When you reproduce the listing, keep every word as it is and drop the pictures.

::::

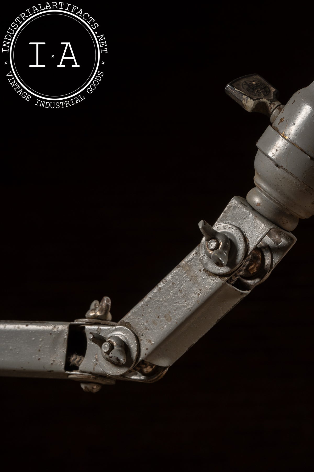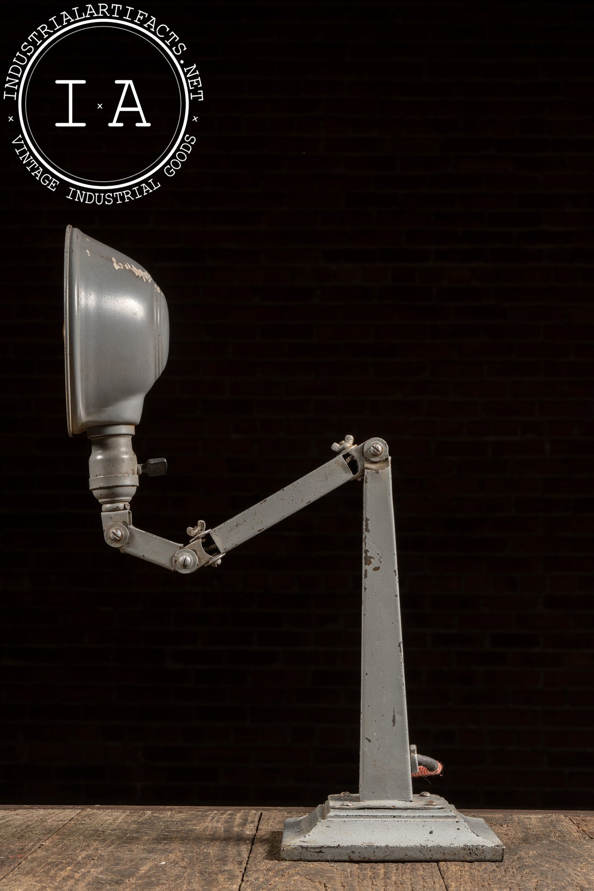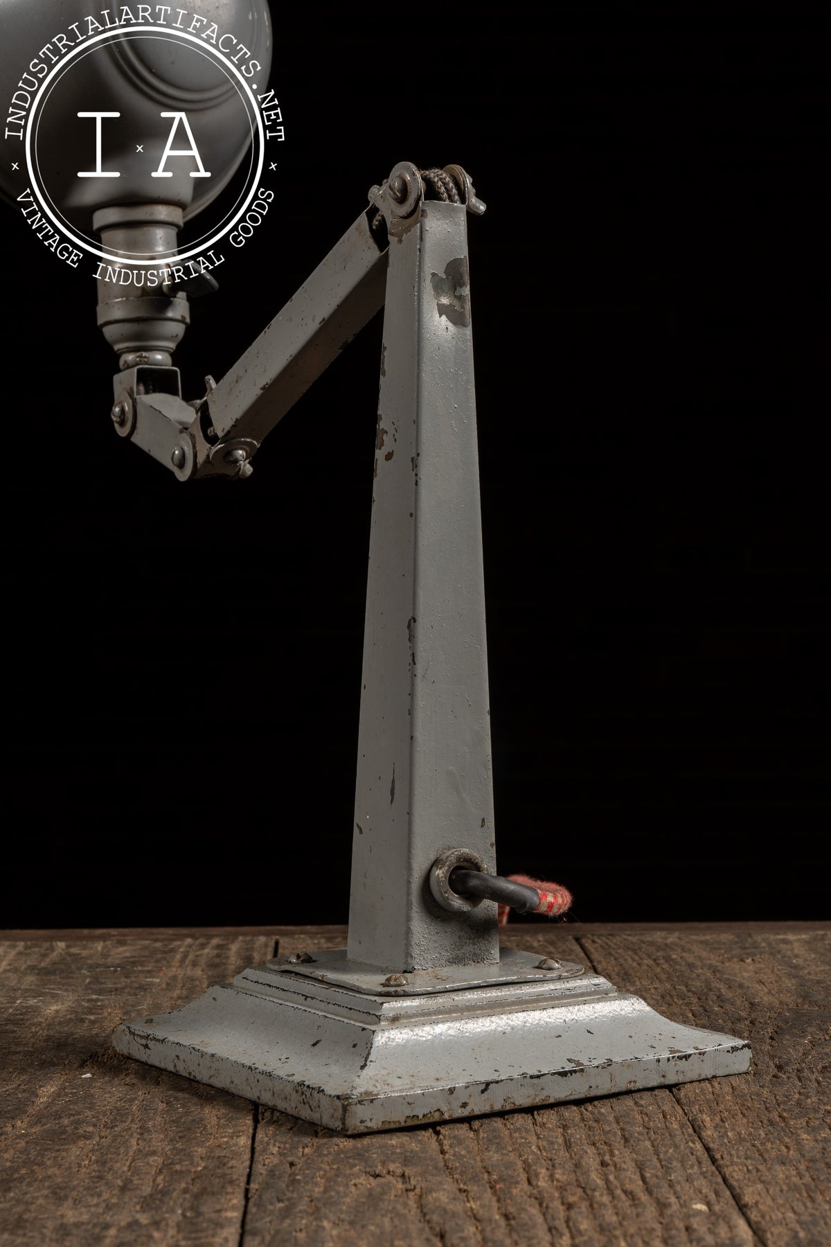 Among the variants built on the 6.5" × 6.5" base, No. 306 is the tallest configuration, featuring a long upper arm and mid-arm knuckle assembly designed for extended reach across workbenches and machinery. The geometry of the joints, the base profile, and the shade form match the catalog illustration precisely, reinforcing the attribution. Originally marketed for tool rooms, manufacturing floors, and drafting environments, these lamps were prized for their rigidity and precision movement-qualities the present example still retains. Recently rewired in-house, it provides clean, warm illumination while maintaining its untouched industrial paint and working mechanical joints.
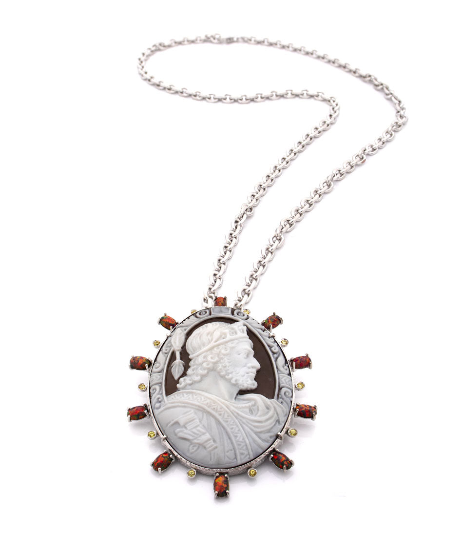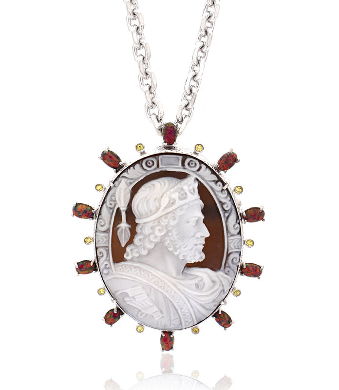 But it is the frame of this brooch-necklace that makes it truly extraordinary: a halo of fire opal cabochons, their fiery glow reminiscent of the emperor’s indomitable power, and delicate yellow sapphires, sparkling like stars, symbolizing wealth and enlightenment. The finely crafted silver setting encases the cameo with details that echo the splendor of ancient imperial jewelry.
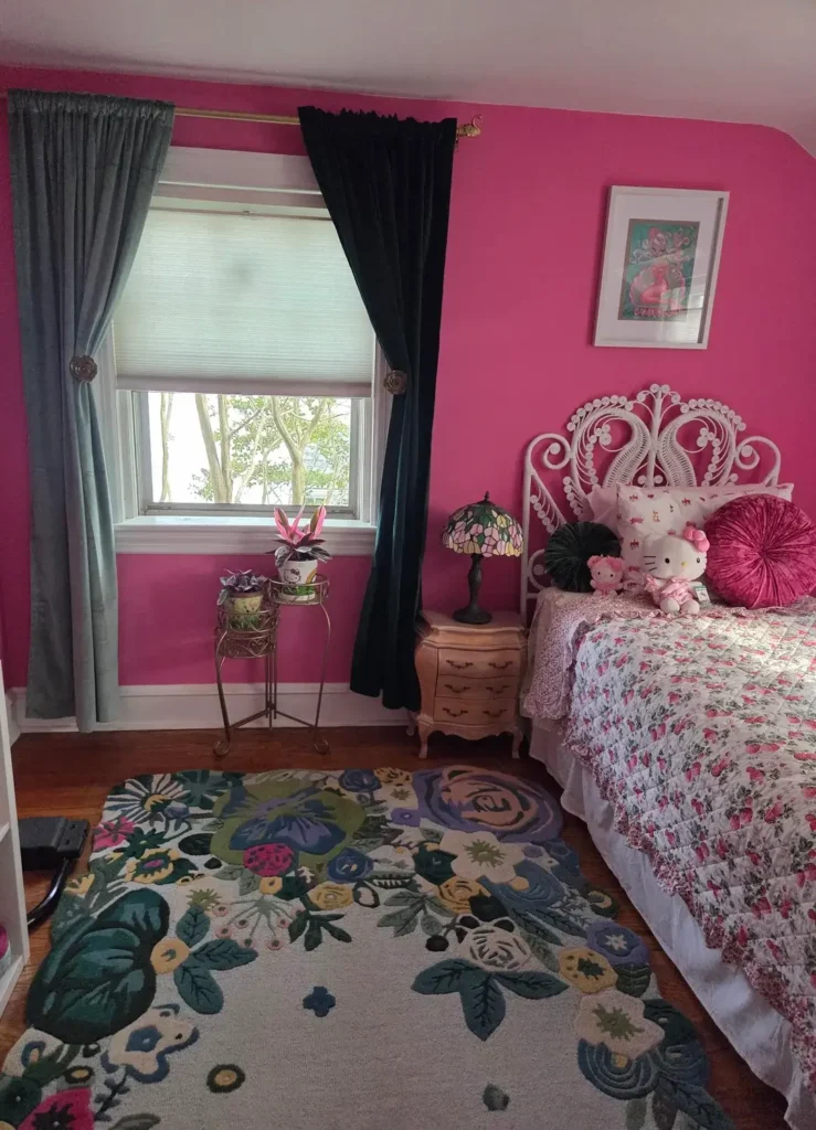 r/lovemypennydog commits fully to a vibrant pink wall color but balances it with substantial vintage pieces that ground the room. The ornate white headboard adds vertical interest without eating up floor space, while the floral botanical rug introduces a completely different color palette that somehow works. Notice the mix of gray and black curtains flanking the window—this creates visual weight that prevents the pink from feeling too sweet.
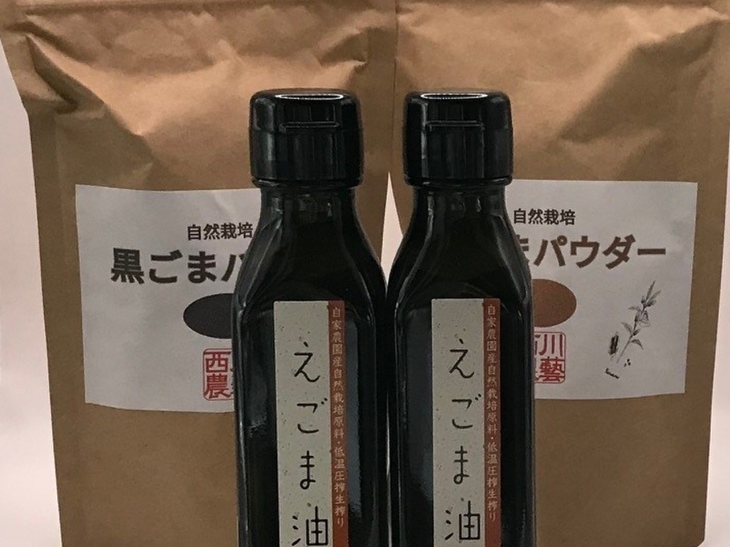 えごま油2本と黒と金のごまパウダーセット
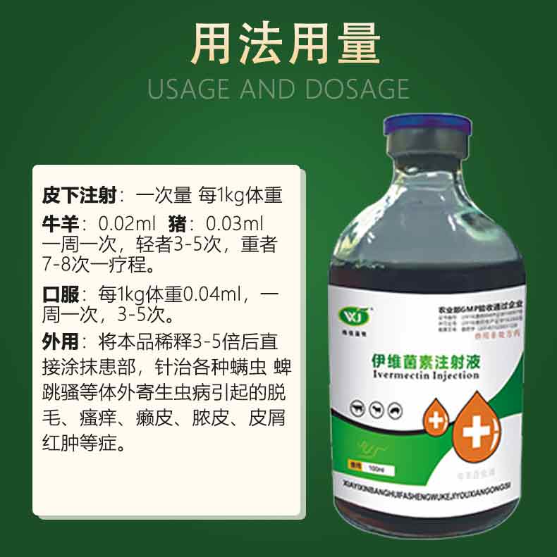 【用法用量】皮下注射:一次量 每1kg体重,牛羊0.02ml,猪0.03ml,一周一次,轻者3-5次, 重者7-8次一疗程。口服:每1kg体重0.04ml,一周一次,3-5次。外用:将本品稀释3-5倍后直接涂抹患部,针治各种螨虫、蜱、跳蚤等体外寄生虫病引起的脱毛、瘙痒、癞皮、脓皮、皮屑、红肿等症。
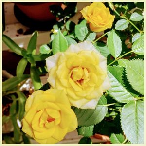 おはようございます🎶 うちのミニバラ、4つありますが、1つがまだ小さいですがお花が咲いてきました🌼 涼しくなってきたからこれからいっぱい咲いてくれるといいな😉 朝、ミニバラさんにおはようって声かけたら「おはよう、これからいっぱい咲くからお世話よろしくね」って😅 寒いけど頑張らないとね💦 今日も良い日でありますように💕
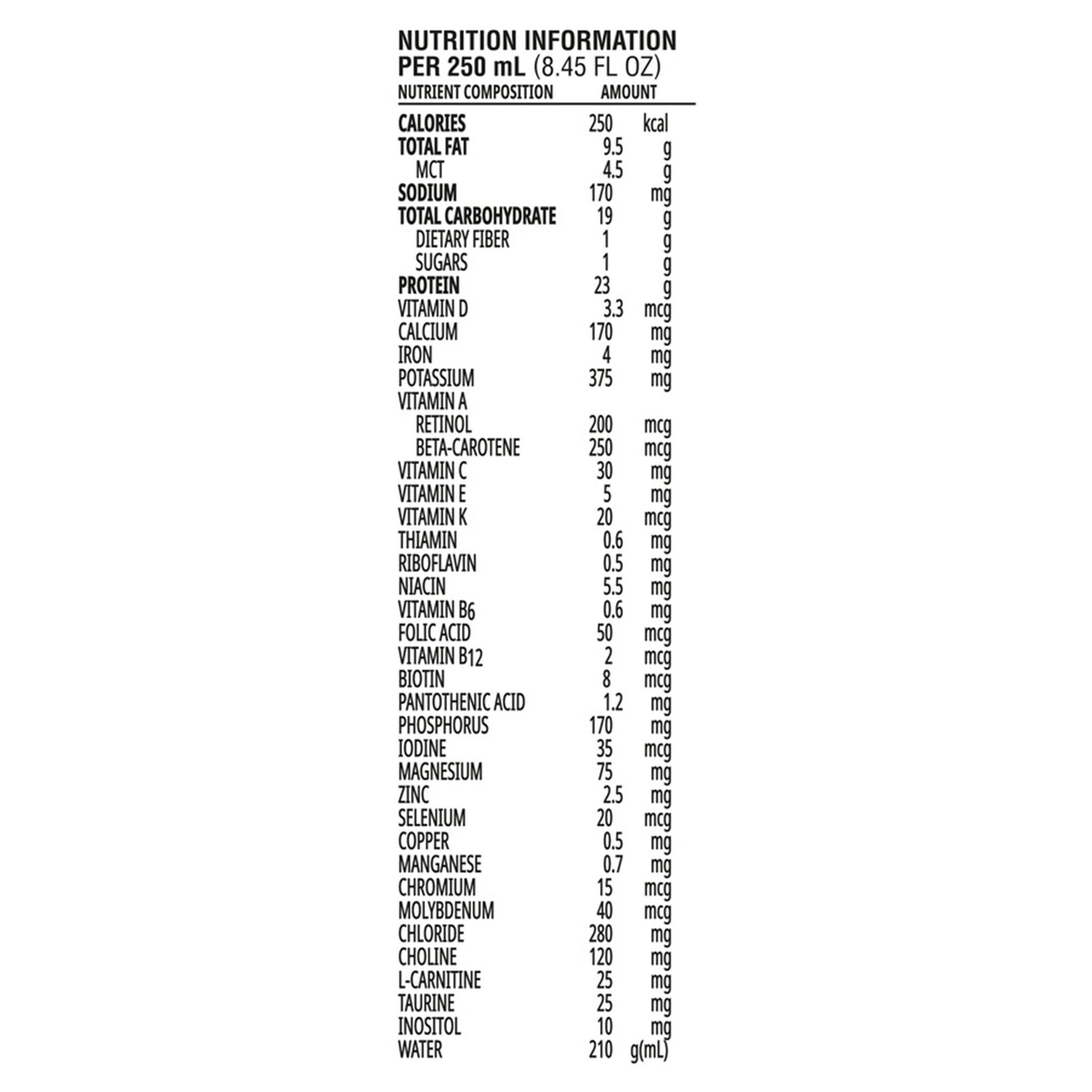 - Ingredients: WATER, ENZYMATICALLY HYDROLYZED WHEY PROTEIN (MILK), MALTODEXTRIN, AND LESS THAN 2% OF MEDIUM CHAIN TRIGLYCERIDES, CORNSTARCH, REFINED FISH OIL (ANCHOVY, SARDINE), VITAMINS AND MINERALS‡, FRUCTOOLIGOSACCHARIDES, SOY LECITHIN, SOYBEAN OIL, INULIN (FROM CHICORY), GUAR GUM, TAURINE, L-CARNITINE, VITAMINS AND MINERALS: MAGNESIUM CHLORIDE, CALCIUM CHLORIDE, CHOLINE CHLORIDE, SODIUM ASCORBATE, CALCIUM PHOSPHATE, SODIUM CITRATE, FERROUS SULFATE, ZINC SULFATE, DL-ALPHA TOCOPHERYL ACETATE, NIACINAMIDE, MANGANESE SULFATE, CALCIUM PANTOTHENATE, COPPER SULFATE, THIAMINE MONONITRATE, PYRIDOXINE HYDROCHLORIDE, RIBOFLAVIN, VITAMIN A PALMITATE, BETA-CAROTENE, FOLIC ACID, POTASSIUM IODIDE, CHROMIUM CHLORIDE, SODIUM SELENATE, SODIUM MOLYBDATE, VITAMIN K1, BIOTIN, VITAMIN D3, VITAMIN B12
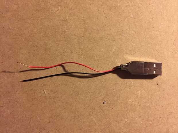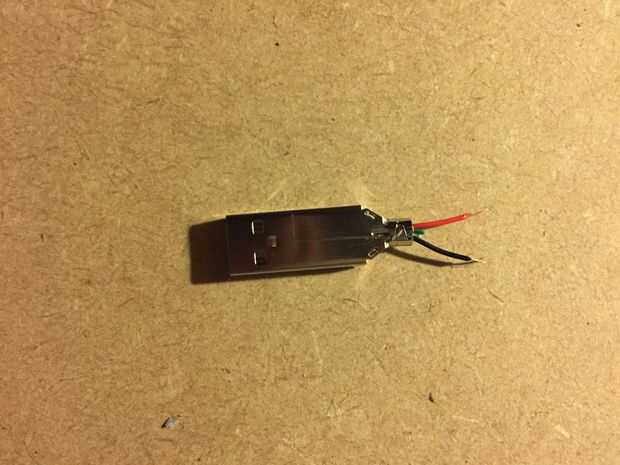 Funda de goma corto que protege el puerto USB dejando solo la parte metálica con cables eléctricos. dejar que los cables (negro y rojo) como se muestra en la imagen.

::::

» Exercise output
 Among the variants built on the 6.5" × 6.5" base, No. 306 is the tallest configuration, featuring a long upper arm and mid-arm knuckle assembly designed for extended reach across workbenches and machinery. The geometry of the joints, the base profile, and the shade form match the catalog illustration precisely, reinforcing the attribution. Originally marketed for tool rooms, manufacturing floors, and drafting environments, these lamps were prized for their rigidity and precision movement-qualities the present example still retains. Recently rewired in-house, it provides clean, warm illumination while maintaining its untouched industrial paint and working mechanical joints.
 But it is the frame of this brooch-necklace that makes it truly extraordinary: a halo of fire opal cabochons, their fiery glow reminiscent of the emperor’s indomitable power, and delicate yellow sapphires, sparkling like stars, symbolizing wealth and enlightenment. The finely crafted silver setting encases the cameo with details that echo the splendor of ancient imperial jewelry.
 r/lovemypennydog commits fully to a vibrant pink wall color but balances it with substantial vintage pieces that ground the room. The ornate white headboard adds vertical interest without eating up floor space, while the floral botanical rug introduces a completely different color palette that somehow works. Notice the mix of gray and black curtains flanking the window—this creates visual weight that prevents the pink from feeling too sweet.
 えごま油2本と黒と金のごまパウダーセット
 【用法用量】皮下注射:一次量 每1kg体重,牛羊0.02ml,猪0.03ml,一周一次,轻者3-5次, 重者7-8次一疗程。口服:每1kg体重0.04ml,一周一次,3-5次。外用:将本品稀释3-5倍后直接涂抹患部,针治各种螨虫、蜱、跳蚤等体外寄生虫病引起的脱毛、瘙痒、癞皮、脓皮、皮屑、红肿等症。
 おはようございます🎶 うちのミニバラ、4つありますが、1つがまだ小さいですがお花が咲いてきました🌼 涼しくなってきたからこれからいっぱい咲いてくれるといいな😉 朝、ミニバラさんにおはようって声かけたら「おはよう、これからいっぱい咲くからお世話よろしくね」って😅 寒いけど頑張らないとね💦 今日も良い日でありますように💕
 - Ingredients: WATER, ENZYMATICALLY HYDROLYZED WHEY PROTEIN (MILK), MALTODEXTRIN, AND LESS THAN 2% OF MEDIUM CHAIN TRIGLYCERIDES, CORNSTARCH, REFINED FISH OIL (ANCHOVY, SARDINE), VITAMINS AND MINERALS‡, FRUCTOOLIGOSACCHARIDES, SOY LECITHIN, SOYBEAN OIL, INULIN (FROM CHICORY), GUAR GUM, TAURINE, L-CARNITINE, VITAMINS AND MINERALS: MAGNESIUM CHLORIDE, CALCIUM CHLORIDE, CHOLINE CHLORIDE, SODIUM ASCORBATE, CALCIUM PHOSPHATE, SODIUM CITRATE, FERROUS SULFATE, ZINC SULFATE, DL-ALPHA TOCOPHERYL ACETATE, NIACINAMIDE, MANGANESE SULFATE, CALCIUM PANTOTHENATE, COPPER SULFATE, THIAMINE MONONITRATE, PYRIDOXINE HYDROCHLORIDE, RIBOFLAVIN, VITAMIN A PALMITATE, BETA-CAROTENE, FOLIC ACID, POTASSIUM IODIDE, CHROMIUM CHLORIDE, SODIUM SELENATE, SODIUM MOLYBDATE, VITAMIN K1, BIOTIN, VITAMIN D3, VITAMIN B12
 Funda de goma corto que protege el puerto USB dejando solo la parte metálica con cables eléctricos. dejar que los cables (negro y rojo) como se muestra en la imagen.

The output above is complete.